- Bagratid Iberia and lands acquired by it in the late 10th century
- Capital: Artanuji Bana
- Common languages: Georgian
- Religion: Eastern Orthodox (Georgian Orthodox Church)
- Government: Principality; (c. 813–888); Feudal Monarchy; (888–1008);
- • 813–826: Ashot I of Iberia
- • 826–876: Bagrat I
- • 876–881: David I
- • 881–888: Adarnase IV
- • 888–923: Adarnase IV
- • 923–937: David II
- • 937–945: Bagrat I
- • 958-994: Bagrat II
- • 994–1008: Gurgen
- Historical era: Early Middle Ages
- • Established: 888
- • Disestablished: 1008
| Preceded by | Succeeded by |
| / Principality of Iberia; / Arminiya | Kingdom of Georgia / ; Byzantine Empire / |
- Today part of: Georgia Turkey

= Kingdom of the Iberians =

Medieval Georgian state

The Kingdom of the Iberians was a medieval Georgian monarchy under the Bagrationi dynasty which emerged circa 888 AD, succeeding the Principality of Iberia, in historical region of Tao-Klarjeti, or upper Iberia in north-eastern Turkey as well parts of modern southwestern Georgia, that stretched from the Iberian gates in the south and to the Lesser Caucasus in the north.

Historically, the area comprised the following historical districts: West of the Arsiani Mountains were Tao, Klarjeti, Nigali, and Shavsheti, to the east lay Meskheti, Erusheti, Javakheti, Artaani, Abotsi, Kola and Basiani.

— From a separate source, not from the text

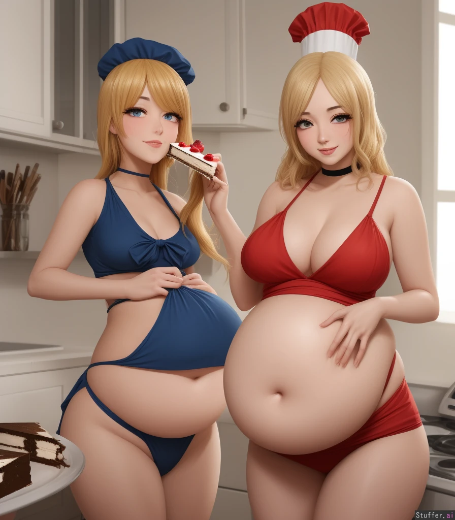 best quality, high rating, absurdres, hyper detail, highly detailed face, anime, anime coloring, expressive, detailed background, c.cu(artist), wamudraws(artist), oofrowdy(artist), mdf_an(artist), yuta_agc(artist), inushima(artist), coffeeslice(artist), one female, bright colors, full color, soft colors, vivid, effect lines, effects, Detailed Hair, Detailed face, (((Detailed Eyes))), Detailed Skin, 1woman, long blond hair, lidded eyes, smile, sexy, deep navel, soft belly, love handles, big thighs, wide hips, large butt, medium boobs, cozy home, kitchen, doughty belly, chef hat, pan, fridge, stove, greenery, blue bikini, long blue pencil skirt, ((protruding belly, sloshing belly)), ((1 hand palm on belly side)), white choker, ((eating piece of cake, face)), standing, blue eyes, 3/4 view, motion lines, ((slimthick)), (chubby arms), hanging belly

The landscape is characterised by mountains and the river-systems of the Çoruh and the Kura. The region played a crucial role in the unification of all Georgian lands and principalities into the Kingdom of Georgia in 1008.

== History ==

=== Establishment ===
In 813, the last Iberian prince Ashot I of the Bagrationi dynasty established himself in his patrimonial Duchy of Klarjeti, where he restored the castle of Artanuji, said to have been built by the king Vakhtang I of Iberia in the 5th century, and received the Byzantine protection. Being recognized as the presiding prince and curopalates of Iberia, Ashot fought the Arabs from there, gradually incorporating the surrounding lands from the Arab dominance.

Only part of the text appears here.